Content starts
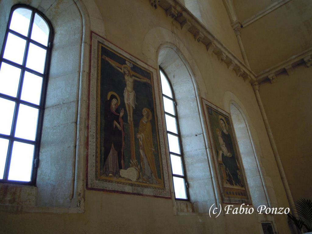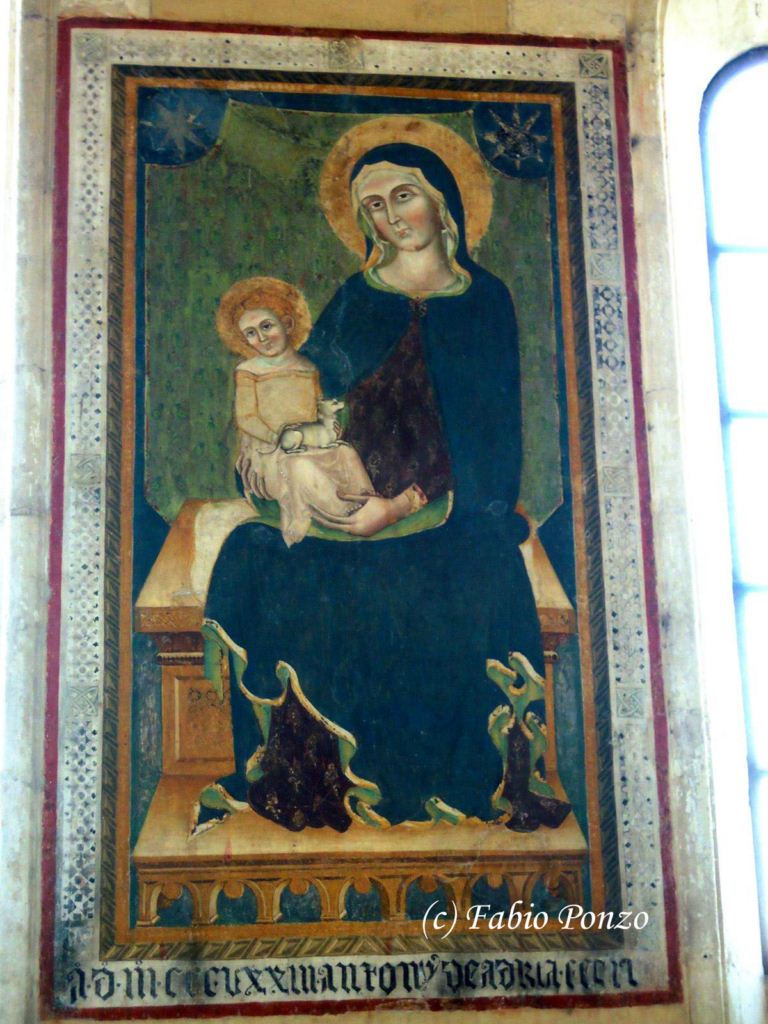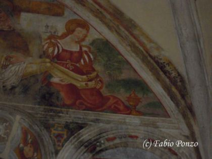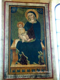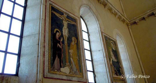 Nell’abside sono presenti 3 dipinti, a partire da sinistra abbiamo una Santa coronata, probabilmente Santa Caterina d’Alessandria con in mano un libro chiuso, con l’altra un fiore e con dinnanzi a lei un frate cistercense inchinato. Di seguito incontriamo una crocifissione con la Madonna e San Giovanni. L’ultimo a destra rappresenta una vergine in trono con Gesù bambino, che tiene in mano un cagnolino bianco. Il dipinto è del 1377 ad opera di Antonio Martini di Atri, l’animale è metafora della fedeltà e rimane una presenza inconsueta nelle mani di Gesù.
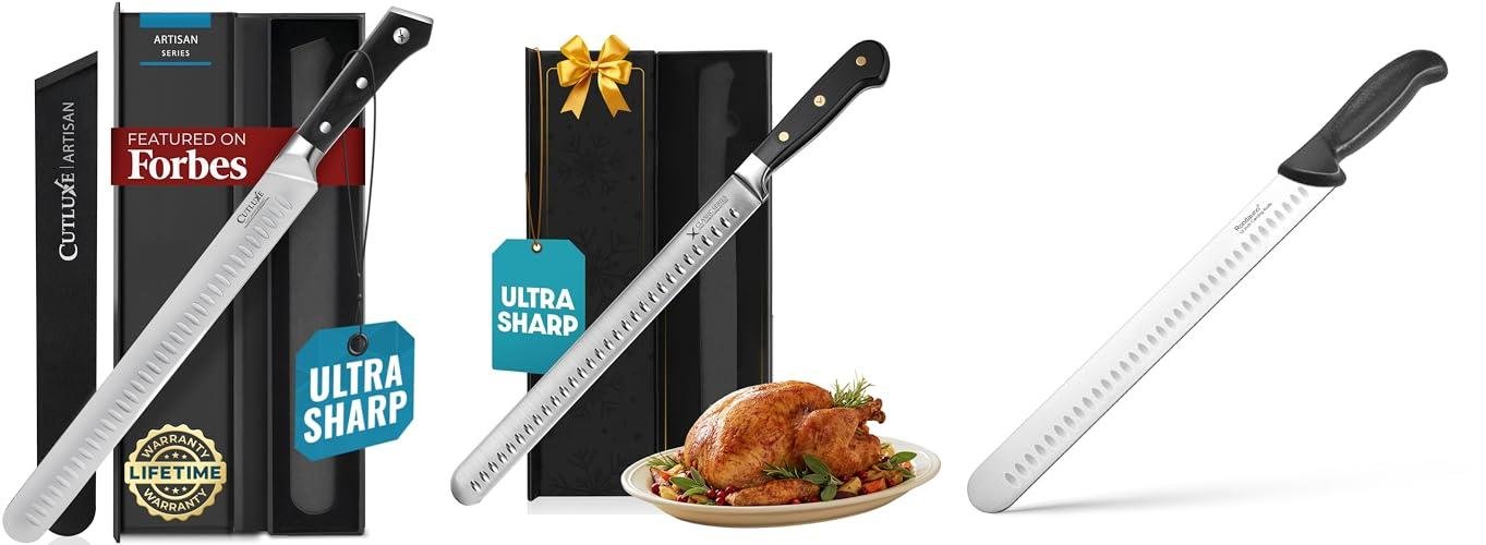 - Blade Shape: Look for a blade that is relatively straight with a gentle curve towards the tip. This shape helps you control your slicing. Some knives have a Granton edge, which are those little hollows on the side. These help prevent the meat from sticking to the blade.
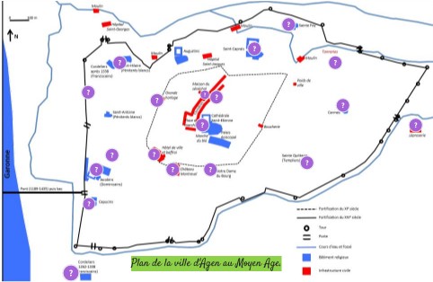 Plan de la ville d'Agen au Moyen Age.
Content ends
Please copy the data above exactly, omitting the pictures.

 Nell’abside sono presenti 3 dipinti, a partire da sinistra abbiamo una Santa coronata, probabilmente Santa Caterina d’Alessandria con in mano un libro chiuso, con l’altra un fiore e con dinnanzi a lei un frate cistercense inchinato. Di seguito incontriamo una crocifissione con la Madonna e San Giovanni. L’ultimo a destra rappresenta una vergine in trono con Gesù bambino, che tiene in mano un cagnolino bianco. Il dipinto è del 1377 ad opera di Antonio Martini di Atri, l’animale è metafora della fedeltà e rimane una presenza inconsueta nelle mani di Gesù.
 - Blade Shape: Look for a blade that is relatively straight with a gentle curve towards the tip. This shape helps you control your slicing. Some knives have a Granton edge, which are those little hollows on the side. These help prevent the meat from sticking to the blade.
 Plan de la ville d'Agen au Moyen Age.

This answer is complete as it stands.